The multi-primary protocol is a Hazelcast-like protocol that doesn't suffer from many of the same consistency issues. Hazelcast and systems like it tend to partition data based on an eventually consistent view of the cluster, resulting in the potential for split brain and data loss. But because Atomix has a consensus protocol build into it, it uses the consensus protocol to elect primaries for each partition. This avoids split brain and provides stronger consistency guarantees for the new multi-primary replication protocol.

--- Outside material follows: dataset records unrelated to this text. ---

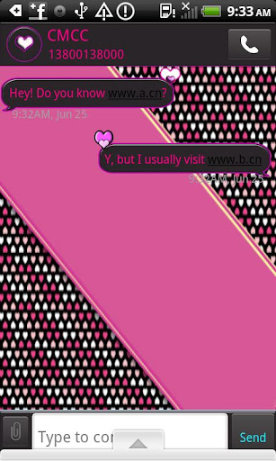 This go sms theme has a black background with white and pink hearts. The hot pink writing really stands out on the black chat bubbles.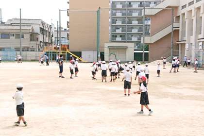 たくさんの子どもたちが運動場に出て遊んでいます。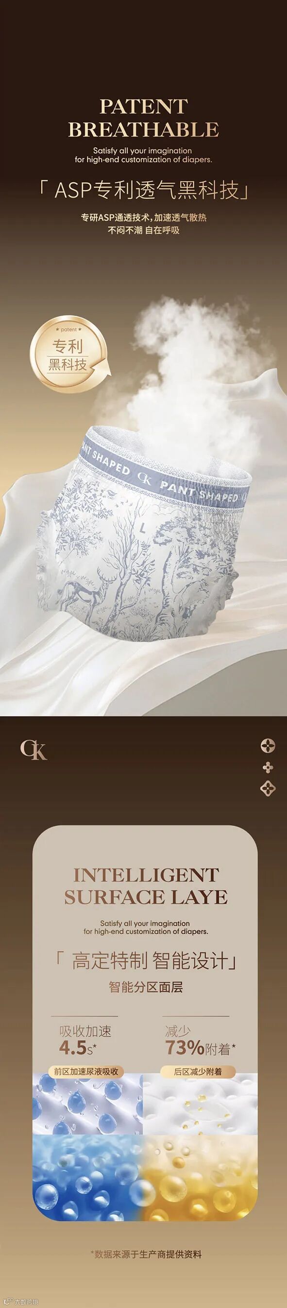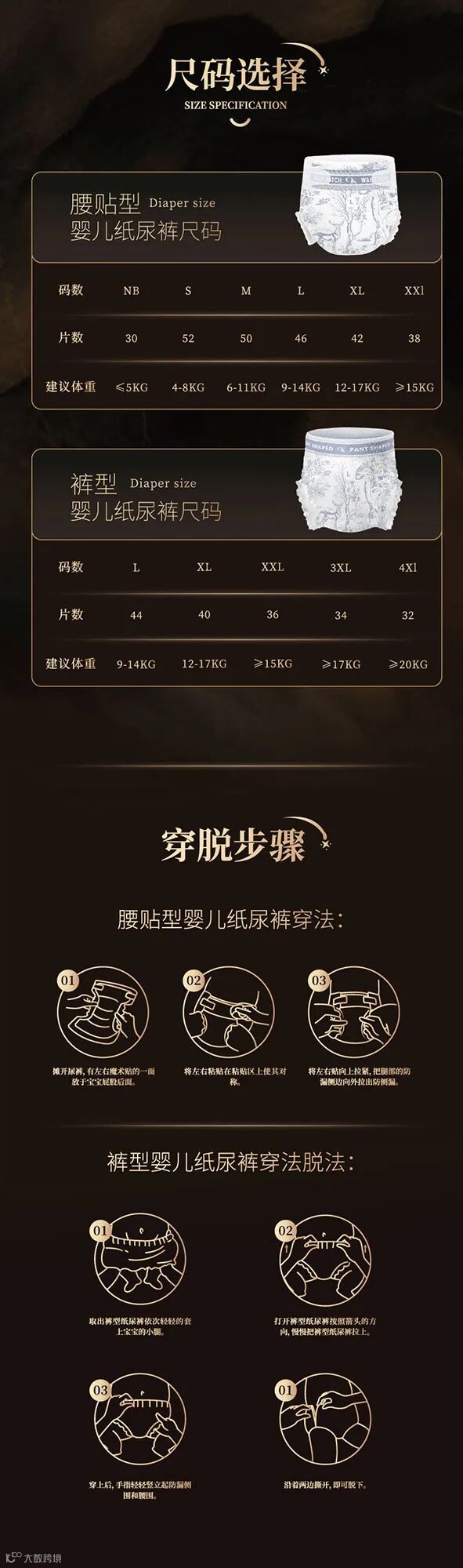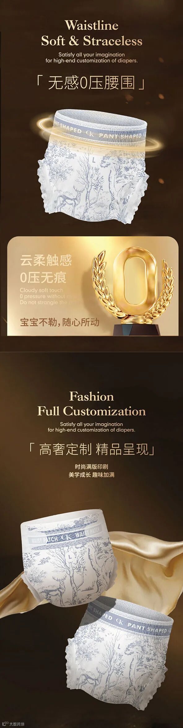 创新与经典的图腾交错排列,是从传统中萃取、致敬中成蝶的奢贵展现,用艺术风貌表达品牌态度,带着独特的设计元素与专属感,成为纸尿裤的前沿标杆。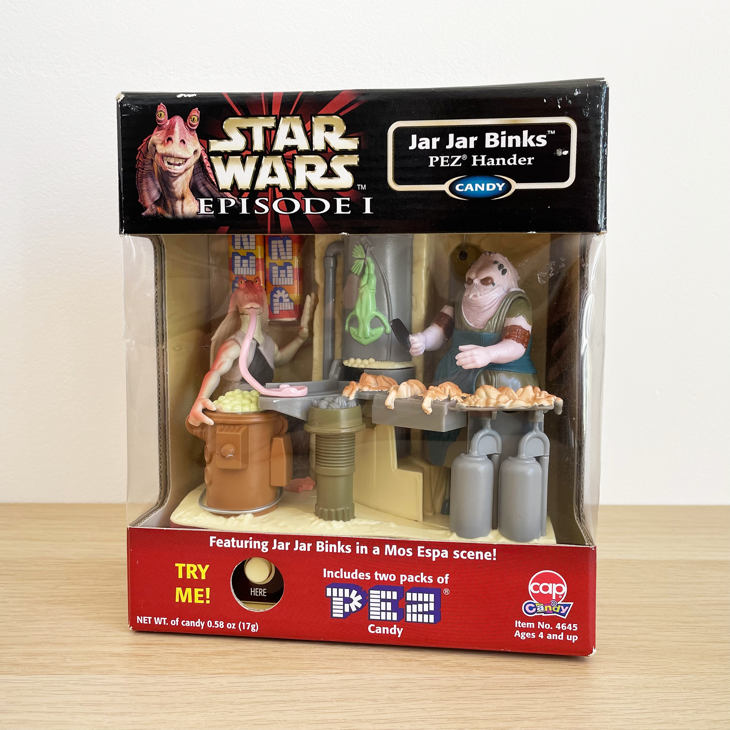 Of all the Jar Jar related products that formed the Episode I collection, the line was drawn at a standalone Pez dispenser. Instead, they actually went a step further and produced an elaborate scene, which, like the Watto’s box, is brief in its screen time, that dispenses Pez in a far less conventional way.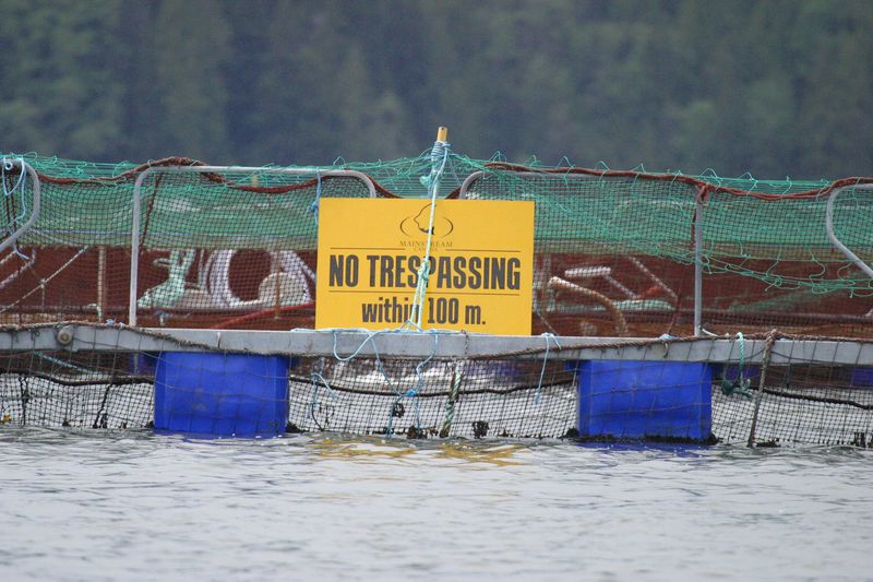 On September 24, Ms Hoyseth received an email from a provincial biologist that a a large pipe used to suck up dead farm salmon was lying on the bottom “full of dead fish,” right where the bubbles had been reported.
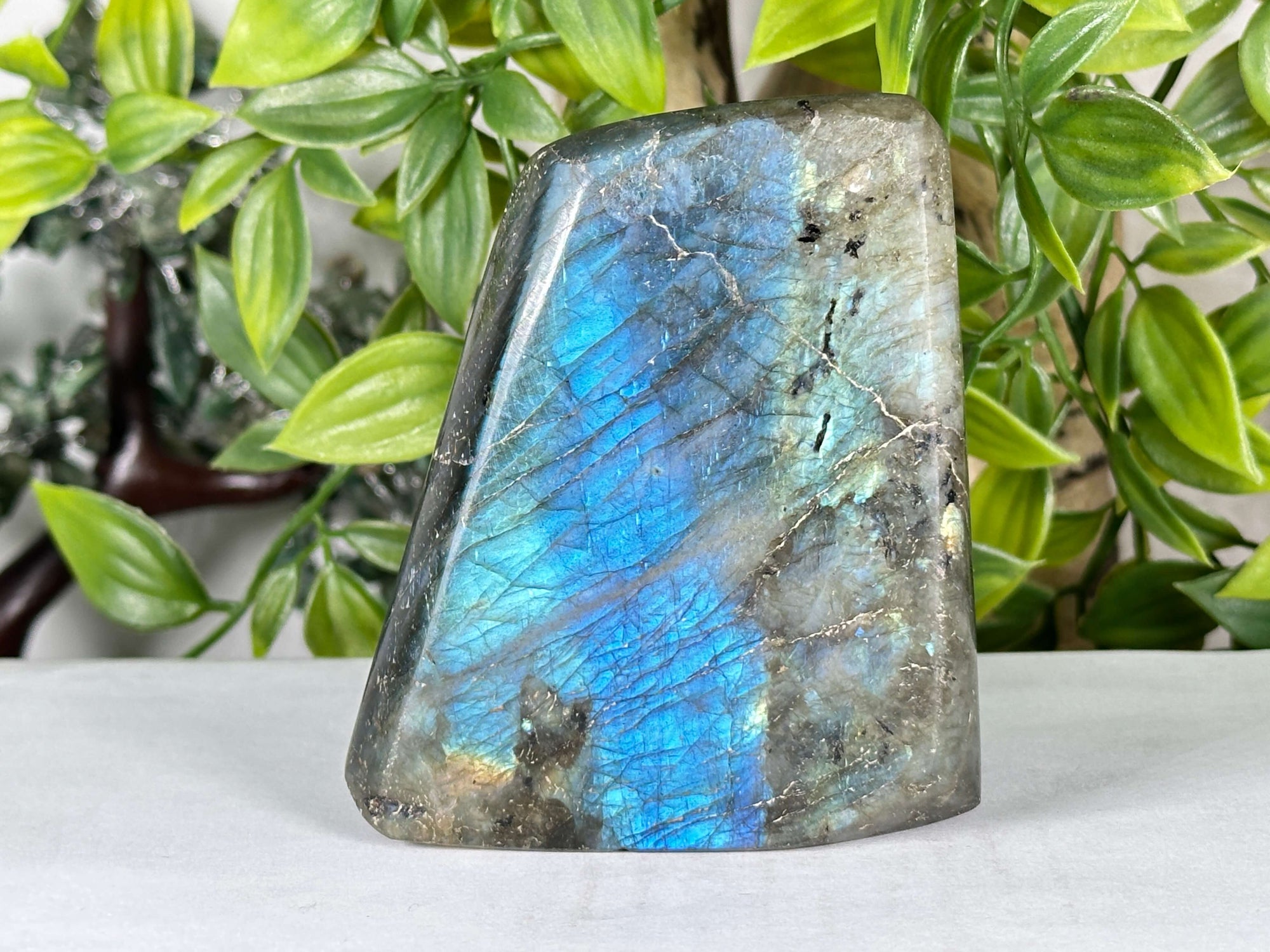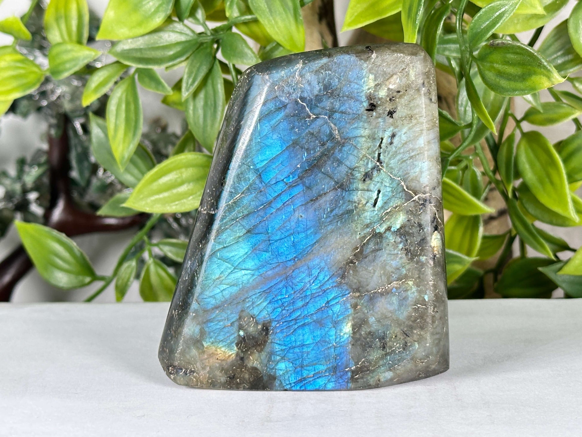• description_tag : Discover this Madagascan Labradorite freeform stone, polished for display. Features stunning iridescent colors. Perfect for collectors and decor. Gem Avenue in Charlotte.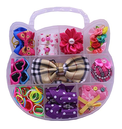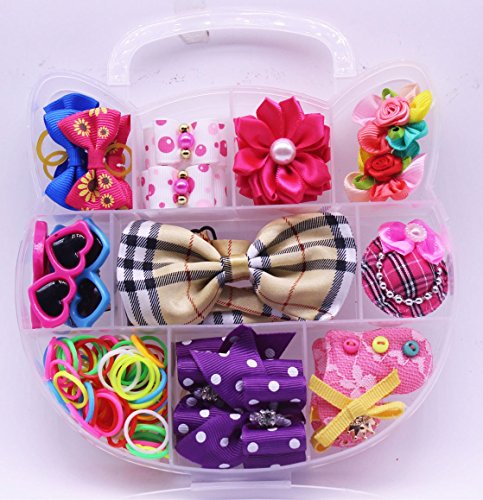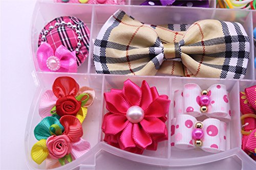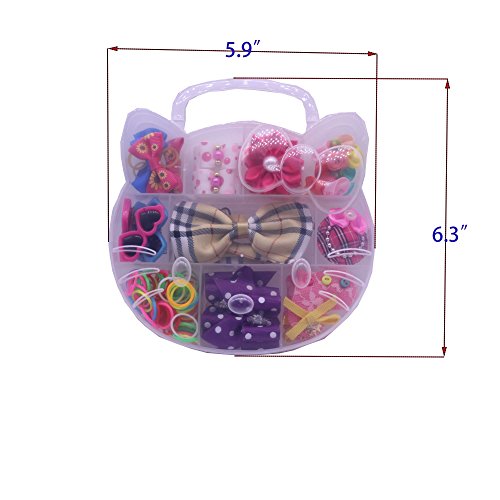 -. Title : Yagopet Dog Hair Bows With Rubber Bands Set PP Box Packing Cute Cat Design Pet Topknot Dog bows Mix Rhinestone Pearls Bows Pet Dog Grooming Bows Dog Bows Hair Accessories

The multi-primary protocol works by simply assigning a primary and backups for each primitive partition. Changes can be replicated either synchronously or asynchronously to any number of nodes depending on the primitive configuration. All multi-primary state is in-memory only. Additionally, the client protocol is significantly more lightweight than the Raft client protocol in that it relies much more heavily on TCP ordering/delivery guarantees for bi-directional client-server communication (the Raft implementation adds significant coordination on top of TCP to guarantee e.g. sequential ordering and guaranteed delivery when switching leaders). These properties together provide an extremely fast alternative to Raft-based primitives.

The multi-primary protocol is actually being developed for a real-world use case as well. We will begin integrating Atomix 2.1 into ONOS in the coming weeks, where we'll use the multi-primary protocol to store certain network state in a more deterministic manner. This will provide significantly faster access to performance critical primitives by co-locating the data with the nodes that accesses it.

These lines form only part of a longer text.